Pull it up or leave it alone?
Barry Barker – Arable Seed Product Manager
The statisticians have been advising us all about the fact that 2012 was for most the wettest year in their lifetime and for many one of the most difficult autumns for harvesting and getting the following crop established. So what many growers are faced with is either pretty bare looking fields due to poor establishment or completely bare because the land has just not been fit to drill.
Probably the most difficult crop to judge in these situations is oilseed rape. Philip Marr, Agrii’s oilseed rape specialist advises that most growers will be making a judgment over the viability of their oilseed rape crops in early February, prior to the first application of Nitrogen. “The plant population required for a hybrid can be in the order of 9-12 plants per square metre and evenly spaced and for a conventional variety from 12-18 plants, to attain a decent yield with a potential 3.5 to 4 tonnes/ha. It is crucial that these plants are well established and have a good root structure, even more so if crops have been ravished by pigeons and there has been a high loss of leaf material. The decision to pull the crop out at this time needs a lot of consideration!!!”
For some the decision has already been made and others will make it very soon. But if the decision is to keep rape in the rotation then it is better to leave drilling spring oilseed rape until the soil and air temperatures have picked up and the crop will emergence and grow away vigorously.

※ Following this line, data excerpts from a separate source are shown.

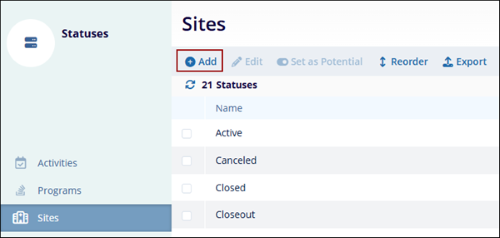 - Select the particular module (Programs, Sites, etc.)
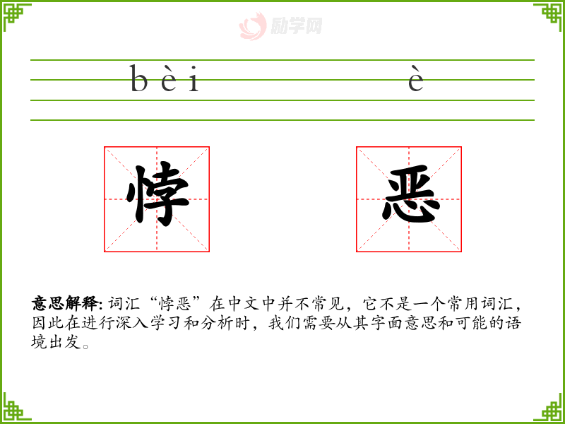 词汇“悖恶”在中文中并不常见,它不是一个常用词汇,因此在进行深入学*和分析时,我们需要从其字面意思和可能的语境出发。
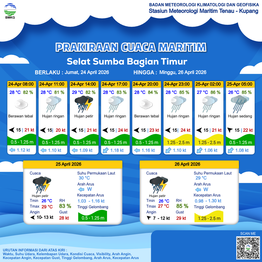23 Apr 26, 16.00 3 jam kedepan | Tenggara 8 kt Gust Peningkatan kecepatan angin yang singkat dan tiba-tiba : kt | 1 m Rendah | Barat 1.2 Knots | 25 °C | 83 % | |
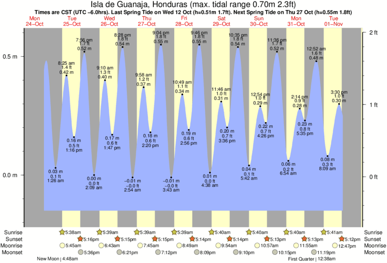 Tide Times are CST (UTC -6.0hrs). Last Spring High Tide at Isla de Guanaja was on Fri 05 Dec (height: 0.57m 1.9ft). Next high Spring Tide at Isla de Guanaja will be on Sat 20 Dec (height: 0.44m 1.4ft).
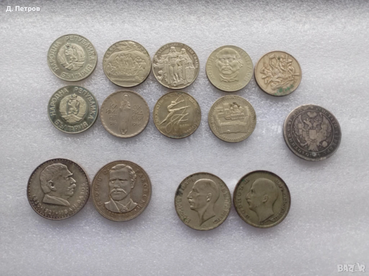 монети от 2 и 5 лева, 100 лева от царска България и сребърна монета рубль 1837 година
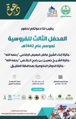 ينطلق غداً الخميس محفل الفروسية الثالث لسباق الخيل للعام الحالي، ضمن فعاليات مهرجان صيف العقيق 42، على جائزة أبناء الشيخ عائض البعيص الرفاعي “رحمه الله” وجائزة الشيخ حسين بن راجح الزائعي “رحمه الله” وجائزة الدوائر الحكومية بمحافظة العقيق وذلك بميدان فروسية العقيق بالباحة.
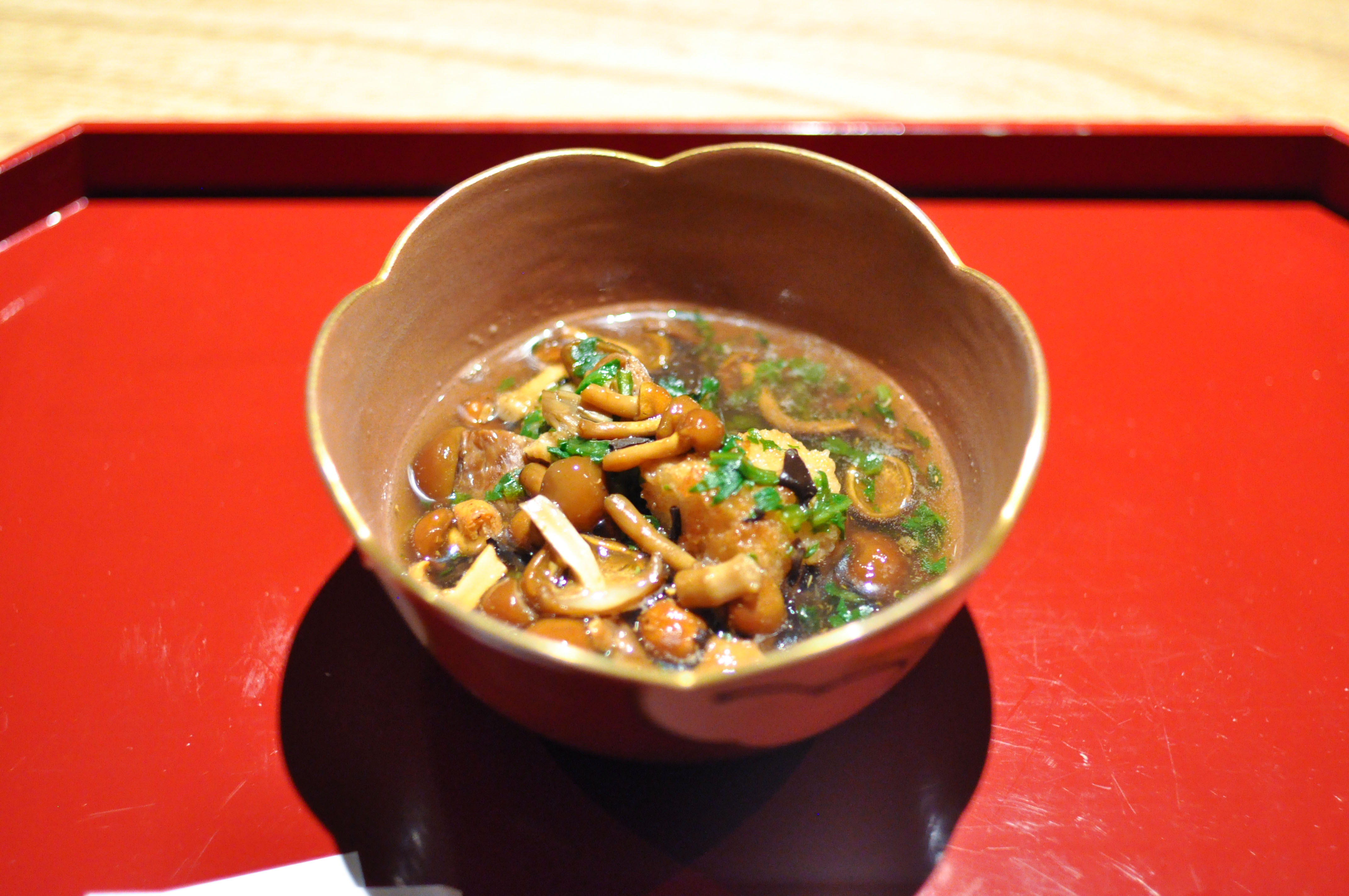 Fried Taro with Shungiku Sauce. Rikyu-fu, variety of seasonal mushrooms, ginger. Another winner. The fried taro was incredible. The varieties of mushrooms had great textures and earthiness that added extra depth to the Shungiku broth.

This will probably be around late March.
Demand for spring rape seed has been high and a number of varieties have sold out particularly some hybrids. However, there should be stocks of the leading conventional varieties, like Heros, available to meet demand.

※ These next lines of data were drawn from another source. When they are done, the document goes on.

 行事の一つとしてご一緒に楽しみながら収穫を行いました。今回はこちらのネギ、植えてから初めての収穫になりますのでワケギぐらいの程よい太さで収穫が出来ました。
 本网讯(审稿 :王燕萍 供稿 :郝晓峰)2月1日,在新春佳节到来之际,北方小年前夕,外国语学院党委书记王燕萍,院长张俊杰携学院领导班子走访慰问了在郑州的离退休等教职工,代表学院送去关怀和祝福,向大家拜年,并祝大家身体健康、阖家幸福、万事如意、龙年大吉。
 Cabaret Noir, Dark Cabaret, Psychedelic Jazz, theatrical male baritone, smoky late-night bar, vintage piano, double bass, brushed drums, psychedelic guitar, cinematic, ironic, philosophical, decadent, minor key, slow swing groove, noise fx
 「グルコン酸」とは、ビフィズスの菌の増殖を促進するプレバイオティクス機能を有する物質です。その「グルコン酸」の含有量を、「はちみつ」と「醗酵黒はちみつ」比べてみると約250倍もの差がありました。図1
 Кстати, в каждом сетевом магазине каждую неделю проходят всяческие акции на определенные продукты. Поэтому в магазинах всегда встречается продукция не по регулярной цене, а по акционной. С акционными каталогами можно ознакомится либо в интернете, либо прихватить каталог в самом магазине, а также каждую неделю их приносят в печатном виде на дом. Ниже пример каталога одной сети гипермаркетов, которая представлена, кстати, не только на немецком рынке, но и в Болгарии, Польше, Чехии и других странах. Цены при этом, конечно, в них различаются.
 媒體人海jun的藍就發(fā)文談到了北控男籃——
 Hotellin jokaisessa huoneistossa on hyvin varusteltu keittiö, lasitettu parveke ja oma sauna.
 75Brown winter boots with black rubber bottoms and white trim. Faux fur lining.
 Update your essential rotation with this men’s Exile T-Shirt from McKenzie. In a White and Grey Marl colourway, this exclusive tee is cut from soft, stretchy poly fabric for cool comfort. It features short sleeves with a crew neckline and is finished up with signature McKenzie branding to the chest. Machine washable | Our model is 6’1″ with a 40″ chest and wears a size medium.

If the decision is not to grow spring rape then growers should be aware that stocks of all species are likely to be in short supply this spring. So despite a fair quantity of imported seed being purchased to help meet demand it is certain that variety choice will be limited and if a variety is unfamiliar to a grower then Agrii would strongly recommend that they ask for UK data to support its suitability for its growing in this country.